Acupuncture pitches ‘halvies’ to a PTSD Vet

Had an “out-of-body” experience.

Twice. Once on my stomach, the other on my back. Got “acupunctured.” Second time for my back. First for PTSD (post traumatic stress disorder). Back got punctured a dozen times in various parts of the body, starting in areas other than the back.

Ed Cunningham, the accupuncturist, started with needles to my hands and legs first, then made his way to the back of both knees. One needle in the right foot and then another to the left at a point connected to the kidney.

I got some dozen needles in my back along my spine and also around the areas of my left and right lumbar. It was an extensive treatment being provided me and other veterans on a regular basis each Thursday night.

I meditated and felt my consciousness “arise” from the table I lay flat across, and travel through my body, leaving the meaty “shell” behind. I didn’t “transport” anywhere, but remained above my self, my physical self. Alone. Without a care in the world. Merely an observor. One invincible to all things.

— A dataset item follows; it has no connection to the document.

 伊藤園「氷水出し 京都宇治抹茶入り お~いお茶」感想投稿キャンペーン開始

Too soon, the needles came out and I turned over as it was the PTSD’s turn to get “poked.” Sharp, but ever so brief,  pangs of pain pierced two spots on my chest as needles punctured the soft spots about two inches below the collar-bone. Ed’s research showed that this is one area where relief could be provided. It felt like one of the meridian points that I “massage” during an EFT (Emotional Freedom Technique) session. I apply pressure to certain parts of the body to relief stress and discomfort, and I assumed the needles worked on the same principle.

My consciousness arose quicker this time as I felt my “Self” leaving again. I heard something outside the WON Institute in Glenside, PA. Noise. Someone bouncing a ball? Getting louder.

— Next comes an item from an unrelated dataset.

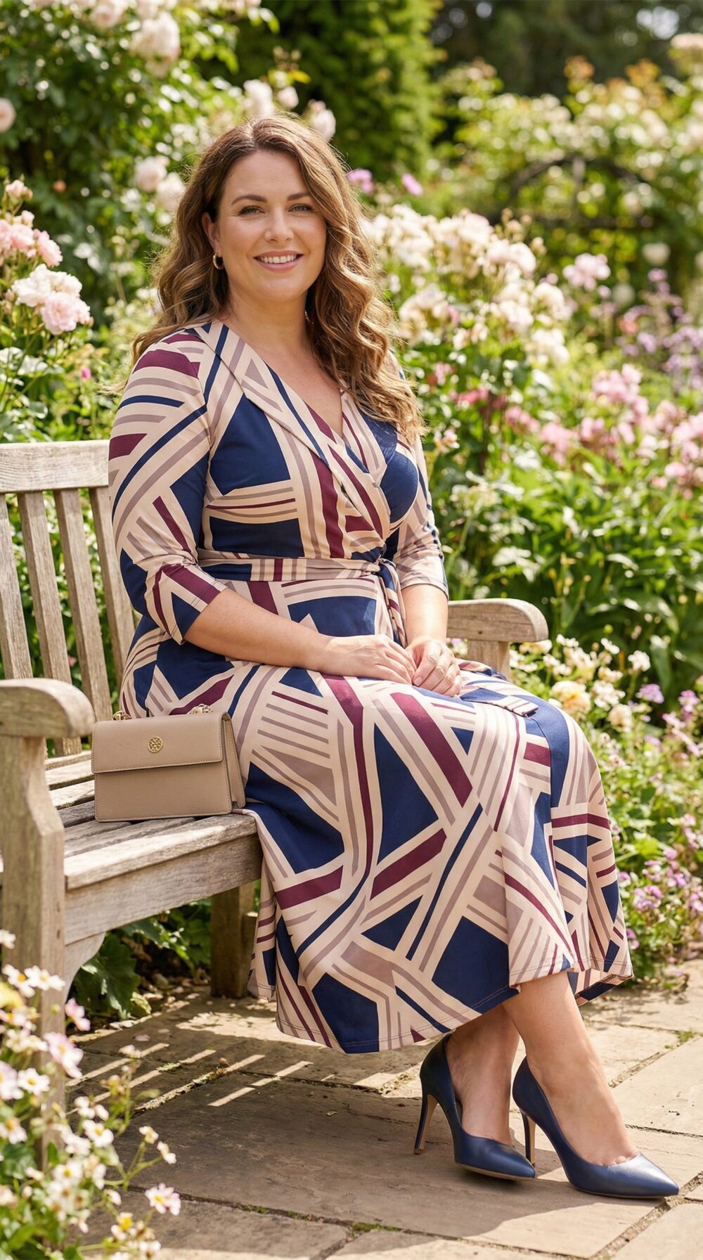 Šaty výborne fungujú s kontrastnými doplnkami, ktoré nechajú vyniknúť samotný vzor. Skvelo sa k nim hodia bordové alebo tmavomodré lodičky, prípadne elegantné topánky v odtieni slonovinovej kosti. Kabelku zvoľte menšiu – ideálne v tmavšom odtieni jednej z farieb vzoru. Na vrch môžete pridať krátke sako, ktoré podčiarkne čisté línie šiat. Šperky odporúčame jemné, ideálne v zlatej alebo striebornej farbe, aby ladili so sponou v páse.

Got an immediate flashback. No, not from Vietnam. From my old neighborhood where I grew up playing with “pimple” balls. I flashed onto a time as a child, a joyful time playing with a small inflated rubber ball with small, quarter inch bevels or embossed circles we called “pimples,” hence the name “Pimple Balls.”

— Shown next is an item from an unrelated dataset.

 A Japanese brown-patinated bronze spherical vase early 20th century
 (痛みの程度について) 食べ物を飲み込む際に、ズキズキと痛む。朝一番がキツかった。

What made it so great was the longevity of each ball. When it split, you got two halves of a ball, or “halvies,” as anyone growing up near an urban setting in the ’60s and ’70s could tell you. And, to me, “halvies” was always better than playing with, you guessed it: “whole” balls.

You never had to buy a bat. You just used a part of an old broom. The broom stick. No gloves needed. No batting helmets, jock cups or catcher’s gear required.

If you hit a half ball over the roof, it was a home run. Each side decided before-hand the spots on the wall the ball needed to hit for a triple, double and a single. Three strikes you were out. Any ball caught on a “fly” was an out. It was an out if the “other side” caught the half ball bouncing off the wall but before hitting the ground.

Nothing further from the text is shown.